I think it is safe to say that, to many people, reefkeeping is truly a marriage of scientific and avocational interests. The complexity of relationships between the organisms we choose and other life forms, their environment and the hardware that supports them, necessarily drives us to want to learn and observe more and more all the time. To the point, we (reef aquarists) have both the potential and the drive to investigate some amazing dynamics of aquatic science through our hobby. With proper instruction we can do it with an elegant weave of chemistry, physics and biology applied in our husbandry. In many ways some of us are practicing amateur scientists. And we have tremendous resources, namely livestock and disposable income, that are a unique treasure for work in science at large to utilize.

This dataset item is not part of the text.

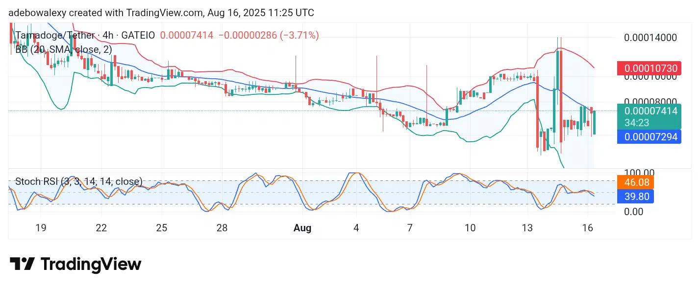 On the TAMA/USDT 4-hour chart, price action can be seen registering a strong upward correction within a single session. The market continues to display notable volatility. Currently, the token trades above the middle band of the Bollinger Bands (BB) indicator. Additionally, the BB indicator retains a healthy width, which leaves room for further upside development.

Quite a few professional scientists know this to be true; we count many among our hobby's friends who eagerly work, or otherwise interact, with the private aquarium community. Some hobbyists had the pleasure to see Dr. Charles Mazel, for example, present the topic of fluorescence at the 2004 IMAC conference. We were truly inspired to hear what Dr. Mazel had to say, and I think he was impressed in kind by the knowledge and potential of reef hobbyists that he met. The equipment I use to study and photograph fluorescence on land and under the sea is from his company www.nightsea.com. Dr. Mazel has spent a lifetime on his work with coral fluorescence. His research is fascinating, his passion for the sea apparent, and his products are offered from a love of studying the same organisms that reef hobbyists admire. Please be sure to explore the resources and references of Mazel, et al that I have cited below. They contain a lot of fascinating reading.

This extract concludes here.